Background Th2 and Th1 cells have been suggested to express CCR3/CCR4 and CCR5/CXCR3, respectively.
Objective We examined CCR3, CCR4, CCR5 and CXCR3 expression and cytokine production in peripheral blood CD4+ T cells from patients with atopic dermatitis (AD), which has been postulated to be a Th2-type cell-mediated disease, and then analysed the possible correlation between these values and the levels of several clinical parameters.

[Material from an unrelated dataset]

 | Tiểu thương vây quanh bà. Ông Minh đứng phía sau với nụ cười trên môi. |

Methods Intracellular cytokine production and chemokine receptor expression in peripheral blood CD4+ T cells from 40 AD patients and 20 sex- and age-matched healthy control subjects were studied by flow cytometry.

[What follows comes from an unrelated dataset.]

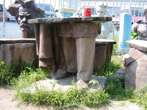 Памятник Марксу и Энгельсу, который стоял когда-то в городском парке, достался Владимиру Николаевичу уже разбитым. Рабочие бросили его там же, где снесли. Уже не подлежавшую реставрации скульптуру коллекционер все равно забрал себе — и дал ей вторую жизнь. Из ног Маркса получились прекрасные ножки для садовой скамейки, а из туловища Энгельса — стол!

Results The frequencies of IL-4- and IL-13-producing CD4+ T cells from patients with AD were significantly higher than those from healthy control subjects (IL-4:3.9 ± 2.1% vs. 1.6 ± 0.7%, P = 0.0005, IL-13:4.0 ± 2.1% vs. 1.8 ± 0.8%, P = 0.0023), whereas the frequencies of IL-2- and IFN-γ-producing CD4+ T cells were significantly decreased in AD patients (IL-2:38.1 ± 10.3% vs. 51.3 ± 6.3%, P = 0.0003, IFN-γ: 9.9 ± 3.5% vs. 26.4 ± 4.6%, P < 0.0001). The percentage of CCR4+ cells in CD4+ CD45RO+ T cells in AD patients was significantly higher than that in healthy control subjects (24.4 ± 8.0% vs. 10.9 ± 2.3%, P < 0.0001) and was correlated positively with the total serum IgE, serum lactic dehydrogenase (LDH) level, eosinophil number, eruption score, and IL-4 and IL-13 secretion in CD4+ T cells, and inversely with IL-2 and IFN-γ secretion in CD4+ T cells. In contrast, CCR3 was not detected on circulating CD4+ T cells even in AD patients. On the other hand, the percentage of CCR5+ or CXCR3+ cells in CD4+ CD45RO+ T cells in AD patients was significantly decreased (CCR5:23.2 ± 7.0% vs. 28.4 ± 5.4%, P = 0.023, CXCR3:29.9 ± 11.4% vs. 38.5 ± 6.7%, P = 0.028) and was positively correlated with eruption score (P < 0.05). Multiple regression analyses showed that the percentage of CCR4 expression highly correlated with serum IgE, LDH, eosinophil number and eruption in AD patients.
Conclusion CCR4+ cells might be involved in the aetiopathogenesis of AD.